Recorded data:
Content starts

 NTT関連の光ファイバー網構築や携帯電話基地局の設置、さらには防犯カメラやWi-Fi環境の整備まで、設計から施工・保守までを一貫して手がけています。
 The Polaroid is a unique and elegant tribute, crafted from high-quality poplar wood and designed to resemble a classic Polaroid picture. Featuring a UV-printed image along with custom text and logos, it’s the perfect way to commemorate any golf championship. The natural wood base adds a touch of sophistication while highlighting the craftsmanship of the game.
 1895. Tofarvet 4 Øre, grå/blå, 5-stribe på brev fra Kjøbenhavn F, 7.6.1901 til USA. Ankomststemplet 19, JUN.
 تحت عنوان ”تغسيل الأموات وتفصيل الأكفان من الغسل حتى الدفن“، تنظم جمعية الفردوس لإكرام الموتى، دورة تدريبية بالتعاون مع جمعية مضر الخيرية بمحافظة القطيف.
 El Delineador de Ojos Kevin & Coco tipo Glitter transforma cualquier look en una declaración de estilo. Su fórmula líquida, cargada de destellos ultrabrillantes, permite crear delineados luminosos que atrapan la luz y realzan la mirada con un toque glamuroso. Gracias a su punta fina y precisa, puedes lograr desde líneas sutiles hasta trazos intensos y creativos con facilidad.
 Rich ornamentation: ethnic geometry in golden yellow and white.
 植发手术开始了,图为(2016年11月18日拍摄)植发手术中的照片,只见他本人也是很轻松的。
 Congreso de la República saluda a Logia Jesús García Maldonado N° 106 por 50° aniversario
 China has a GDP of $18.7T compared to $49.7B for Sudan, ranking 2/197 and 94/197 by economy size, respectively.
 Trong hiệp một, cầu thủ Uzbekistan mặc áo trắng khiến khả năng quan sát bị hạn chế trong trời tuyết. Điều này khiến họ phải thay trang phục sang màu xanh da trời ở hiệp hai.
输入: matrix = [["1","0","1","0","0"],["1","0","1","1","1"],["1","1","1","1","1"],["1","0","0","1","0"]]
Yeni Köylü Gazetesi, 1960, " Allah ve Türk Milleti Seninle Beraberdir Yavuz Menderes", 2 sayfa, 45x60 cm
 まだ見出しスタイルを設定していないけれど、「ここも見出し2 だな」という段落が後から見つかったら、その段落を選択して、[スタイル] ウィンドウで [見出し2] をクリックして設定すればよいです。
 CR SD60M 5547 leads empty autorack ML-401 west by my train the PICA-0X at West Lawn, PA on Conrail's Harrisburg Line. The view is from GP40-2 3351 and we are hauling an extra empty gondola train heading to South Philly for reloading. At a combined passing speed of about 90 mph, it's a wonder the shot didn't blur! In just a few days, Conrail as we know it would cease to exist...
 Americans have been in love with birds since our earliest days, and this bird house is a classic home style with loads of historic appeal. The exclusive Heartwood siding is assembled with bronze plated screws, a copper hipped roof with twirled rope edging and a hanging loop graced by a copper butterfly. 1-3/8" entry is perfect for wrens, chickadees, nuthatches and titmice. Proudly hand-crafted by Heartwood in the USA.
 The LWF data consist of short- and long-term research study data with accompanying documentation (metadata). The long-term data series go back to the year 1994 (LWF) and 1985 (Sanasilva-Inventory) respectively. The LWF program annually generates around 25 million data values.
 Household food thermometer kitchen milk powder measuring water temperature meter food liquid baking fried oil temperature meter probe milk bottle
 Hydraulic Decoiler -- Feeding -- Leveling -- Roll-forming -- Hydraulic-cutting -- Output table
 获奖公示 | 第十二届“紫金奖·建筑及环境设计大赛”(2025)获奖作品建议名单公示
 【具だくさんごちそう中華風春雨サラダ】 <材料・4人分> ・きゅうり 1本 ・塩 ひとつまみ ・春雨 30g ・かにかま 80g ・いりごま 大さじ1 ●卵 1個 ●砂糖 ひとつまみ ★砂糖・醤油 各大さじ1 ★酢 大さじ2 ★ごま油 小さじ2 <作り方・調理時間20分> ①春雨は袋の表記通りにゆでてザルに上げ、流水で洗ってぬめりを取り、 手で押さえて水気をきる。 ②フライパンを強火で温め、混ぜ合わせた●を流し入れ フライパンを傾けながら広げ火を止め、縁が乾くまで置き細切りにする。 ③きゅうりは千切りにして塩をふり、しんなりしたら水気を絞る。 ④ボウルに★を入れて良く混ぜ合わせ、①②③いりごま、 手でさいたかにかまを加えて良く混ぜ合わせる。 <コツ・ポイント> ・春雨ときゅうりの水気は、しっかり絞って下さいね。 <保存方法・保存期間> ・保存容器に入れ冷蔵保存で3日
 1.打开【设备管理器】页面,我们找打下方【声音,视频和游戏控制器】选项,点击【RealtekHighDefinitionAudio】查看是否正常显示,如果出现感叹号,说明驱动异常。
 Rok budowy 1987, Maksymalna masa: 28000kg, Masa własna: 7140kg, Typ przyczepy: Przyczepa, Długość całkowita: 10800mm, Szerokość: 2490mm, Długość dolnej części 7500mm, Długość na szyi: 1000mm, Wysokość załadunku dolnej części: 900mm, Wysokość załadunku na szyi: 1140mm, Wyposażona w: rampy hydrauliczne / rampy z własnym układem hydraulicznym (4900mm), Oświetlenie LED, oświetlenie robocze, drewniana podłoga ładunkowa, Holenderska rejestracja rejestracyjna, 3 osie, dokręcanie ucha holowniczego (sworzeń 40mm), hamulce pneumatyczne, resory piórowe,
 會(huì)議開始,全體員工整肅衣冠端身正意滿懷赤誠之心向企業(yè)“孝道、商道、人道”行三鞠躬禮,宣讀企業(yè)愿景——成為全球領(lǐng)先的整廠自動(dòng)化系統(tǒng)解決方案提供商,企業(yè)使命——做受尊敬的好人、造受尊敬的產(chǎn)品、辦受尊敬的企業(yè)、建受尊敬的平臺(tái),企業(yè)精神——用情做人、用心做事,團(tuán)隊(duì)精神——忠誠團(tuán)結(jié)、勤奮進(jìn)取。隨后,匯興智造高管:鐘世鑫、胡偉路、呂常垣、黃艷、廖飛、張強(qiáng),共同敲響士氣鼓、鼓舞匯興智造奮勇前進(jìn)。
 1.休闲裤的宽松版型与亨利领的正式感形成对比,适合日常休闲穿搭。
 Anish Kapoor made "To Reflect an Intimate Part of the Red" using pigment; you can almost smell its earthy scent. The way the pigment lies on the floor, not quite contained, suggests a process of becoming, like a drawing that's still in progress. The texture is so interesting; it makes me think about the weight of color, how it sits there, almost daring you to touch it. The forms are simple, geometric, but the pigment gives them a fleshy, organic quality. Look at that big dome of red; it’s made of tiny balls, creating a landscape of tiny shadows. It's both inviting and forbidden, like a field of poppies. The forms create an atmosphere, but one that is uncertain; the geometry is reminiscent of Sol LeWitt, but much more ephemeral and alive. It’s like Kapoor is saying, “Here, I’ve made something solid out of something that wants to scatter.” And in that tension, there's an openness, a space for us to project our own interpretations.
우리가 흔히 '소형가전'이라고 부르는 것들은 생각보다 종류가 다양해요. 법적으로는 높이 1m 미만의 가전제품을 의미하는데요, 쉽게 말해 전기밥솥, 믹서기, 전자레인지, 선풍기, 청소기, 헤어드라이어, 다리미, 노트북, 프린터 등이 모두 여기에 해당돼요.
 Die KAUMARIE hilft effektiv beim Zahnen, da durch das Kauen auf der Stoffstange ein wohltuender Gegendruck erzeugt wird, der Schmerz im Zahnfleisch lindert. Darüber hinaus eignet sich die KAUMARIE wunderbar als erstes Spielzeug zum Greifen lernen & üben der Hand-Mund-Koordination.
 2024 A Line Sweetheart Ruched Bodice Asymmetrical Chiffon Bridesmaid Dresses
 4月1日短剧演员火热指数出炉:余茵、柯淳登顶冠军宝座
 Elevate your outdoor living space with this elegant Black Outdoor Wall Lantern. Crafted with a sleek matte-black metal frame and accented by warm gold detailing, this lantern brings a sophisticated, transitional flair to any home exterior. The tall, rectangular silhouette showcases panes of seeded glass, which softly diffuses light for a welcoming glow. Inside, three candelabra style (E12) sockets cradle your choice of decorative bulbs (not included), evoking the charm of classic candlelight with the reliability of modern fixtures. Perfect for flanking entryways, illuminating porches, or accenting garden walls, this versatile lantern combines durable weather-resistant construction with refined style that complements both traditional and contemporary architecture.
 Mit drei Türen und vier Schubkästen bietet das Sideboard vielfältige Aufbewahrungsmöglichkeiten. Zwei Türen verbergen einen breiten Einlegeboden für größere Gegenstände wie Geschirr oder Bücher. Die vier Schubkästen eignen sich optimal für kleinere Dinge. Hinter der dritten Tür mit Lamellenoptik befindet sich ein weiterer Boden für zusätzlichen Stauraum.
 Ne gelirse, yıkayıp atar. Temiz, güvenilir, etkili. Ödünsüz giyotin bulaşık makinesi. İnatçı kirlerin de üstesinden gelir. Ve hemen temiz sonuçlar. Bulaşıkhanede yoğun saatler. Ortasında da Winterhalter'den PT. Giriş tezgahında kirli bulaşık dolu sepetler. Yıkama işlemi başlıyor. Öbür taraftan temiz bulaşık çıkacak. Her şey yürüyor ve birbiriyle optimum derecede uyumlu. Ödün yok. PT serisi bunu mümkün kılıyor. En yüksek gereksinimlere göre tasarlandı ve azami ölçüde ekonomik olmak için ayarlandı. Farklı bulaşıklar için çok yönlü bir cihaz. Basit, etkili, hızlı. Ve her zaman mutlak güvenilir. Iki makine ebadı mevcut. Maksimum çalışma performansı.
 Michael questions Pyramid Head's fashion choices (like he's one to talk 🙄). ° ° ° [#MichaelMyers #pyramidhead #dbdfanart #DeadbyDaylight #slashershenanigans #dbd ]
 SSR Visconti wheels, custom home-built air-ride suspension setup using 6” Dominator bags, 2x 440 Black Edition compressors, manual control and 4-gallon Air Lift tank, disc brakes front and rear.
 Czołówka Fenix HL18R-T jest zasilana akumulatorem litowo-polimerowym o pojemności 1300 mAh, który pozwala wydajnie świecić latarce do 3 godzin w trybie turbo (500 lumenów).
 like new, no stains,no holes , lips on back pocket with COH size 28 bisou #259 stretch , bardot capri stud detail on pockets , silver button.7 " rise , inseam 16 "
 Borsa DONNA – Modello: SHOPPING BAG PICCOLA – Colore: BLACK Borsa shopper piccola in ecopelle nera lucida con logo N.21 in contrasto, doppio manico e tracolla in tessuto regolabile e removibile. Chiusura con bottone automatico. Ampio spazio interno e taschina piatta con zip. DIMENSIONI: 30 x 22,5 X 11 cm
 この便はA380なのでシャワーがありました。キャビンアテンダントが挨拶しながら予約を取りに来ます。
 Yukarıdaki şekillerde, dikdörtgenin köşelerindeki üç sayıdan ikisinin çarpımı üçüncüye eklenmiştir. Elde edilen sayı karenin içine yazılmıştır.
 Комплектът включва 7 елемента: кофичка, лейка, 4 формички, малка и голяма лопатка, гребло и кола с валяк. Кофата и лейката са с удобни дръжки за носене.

Content ends

_The problem:_ From the entries above, extract only the lines running from the one containing "Rich ornamentation: ethnic" through the one containing "CR SD60M 5547", inclusive.

_Written solution:_
 Rich ornamentation: ethnic geometry in golden yellow and white.
 植发手术开始了,图为(2016年11月18日拍摄)植发手术中的照片,只见他本人也是很轻松的。
 Congreso de la República saluda a Logia Jesús García Maldonado N° 106 por 50° aniversario
 China has a GDP of $18.7T compared to $49.7B for Sudan, ranking 2/197 and 94/197 by economy size, respectively.
 Trong hiệp một, cầu thủ Uzbekistan mặc áo trắng khiến khả năng quan sát bị hạn chế trong trời tuyết. Điều này khiến họ phải thay trang phục sang màu xanh da trời ở hiệp hai.
输入: matrix = [["1","0","1","0","0"],["1","0","1","1","1"],["1","1","1","1","1"],["1","0","0","1","0"]]
Yeni Köylü Gazetesi, 1960, " Allah ve Türk Milleti Seninle Beraberdir Yavuz Menderes", 2 sayfa, 45x60 cm
 まだ見出しスタイルを設定していないけれど、「ここも見出し2 だな」という段落が後から見つかったら、その段落を選択して、[スタイル] ウィンドウで [見出し2] をクリックして設定すればよいです。
 CR SD60M 5547 leads empty autorack ML-401 west by my train the PICA-0X at West Lawn, PA on Conrail's Harrisburg Line. The view is from GP40-2 3351 and we are hauling an extra empty gondola train heading to South Philly for reloading. At a combined passing speed of about 90 mph, it's a wonder the shot didn't blur! In just a few days, Conrail as we know it would cease to exist...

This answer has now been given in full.